Kitab Negarakretagama, pada pupuh XLIX, pasal 3, mencatat peristiwa Sadeng dengan candrasengkala
api memanah hari (1253), atau 1331 AD, Sirna musuh di Sadeng. Sedang Serat Pararaton, mencatat
peristiwa Sadeng dengan candrasengkala kaya bhuta non daging (Tindakan Unsur Lihat Daging), 1256
Saka. Baik Negarakretagama maupun Pararaton menyebut peristiwa Sadeng bersamaan dengan
penundukan Keta di Panarukan, Situbondo.

Nah, dari dua dokumen penting dalam menentukan sejarah lahirnya Jember ini, ada gambaran, bahwa
Staatblad Belanda yang dijadikan patokan lahirnya Kabupaten Jember selama ini, sebenarnya bukan
satu-satunya sumber yang bisa dijadikan acuan. Masih ada sumber lain, yang bisa dijadikan acuan dalam
menetapkan hari jadi Kabupaten Jember

Sekarang tinggal kita sebagai orang Jember, apakah dasar pijakan yang akan kita gunakan mengacu dari
sudut pandang Nerlando Centries. Ataukah penetapan hari jadi Kabupaten Jember harus kita kaji ulang
dengan menggunakan sudut pandang Indonesia Centries.

Masyarakat Asli Kabupaten Jember

Selama ini, di kalangan masyarakat banyak yang beranggapan bahwa Jember pada masa lalu (jaman
kuno), tidak ada penghuninya. Atau dengan kata lain, daerah yang saat ini menjadi wilayah Kabupaten
Jember, merupakan hutan belantara atau tanah tak bertuan yang hanya dihuni binatang buas.

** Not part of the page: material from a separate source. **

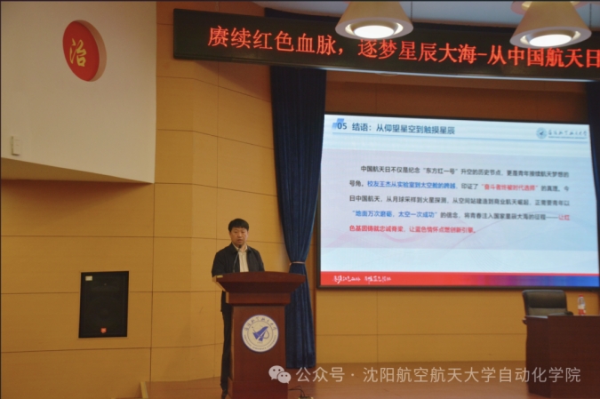 2025年4月24日下午,在第十个“中国航天日”来临之际。yl6776永利集团党委副书记张业伟走进思政大讲堂,以“赓续红色血脉,逐梦星辰大海”为主题,为yl6776永利集团、设计艺术学院大学生讲授了一堂别开生面的思政课。

Anggapan seperti ini, seharusnya tidak pernah ada kalau saja masyarakat Jember, sedikit mengetahui
sejarah daerahnya sendiri. Karena fakta sejarah adanya kehidupan masyarakat di Kabupaten Jember,
sebenarnya sudah ada sejak jaman dahulu kala, bahkan diperkirakan sebelum berdirinya Kerajaan
Majapahit.

Ini bisa dilihat dari kunjungan Raja Majapahit ke 4, Prabu Hayam Wuruk, ke daerah kekuasaannya di
wilayah timur (Lumajang) pada tahun Saka seekor-naga-menelan bulan (1281) atau 1359 Masehi. Pada
kunjungan ini, Mpu Prapanca, yang bertindak sebagai pencatat perjalanan Prabu Hayam Wuruk, menulis
nama sejumlah daerah yang saat ini masuk wilayah Kabupaten Jember.

Diantara nama daerah di wilayah Kabupaten Jember yang ditulis dalam Kakawin Negarakretagama
pupub XXII, antara lain Kunir Basini, Sadeng (Puger), Balung, Kuta Blater, Bacok (Ambulu), Renes
(Wirowongso, Ajung). Berdasarkan kakawin tersebut, saat memasuki wilayah Jember, Hayam Wuruk
sempat bermalam di Sadeng (Puger). Malam berganti malam Baginda pesiar menikmati alam
Sarampuan. Sepeninggalnya beliau menjelang kota Bacok bersenang-senang di pantai, heran
memandang karang tersiram riak gelombang berpancar seperti hujan.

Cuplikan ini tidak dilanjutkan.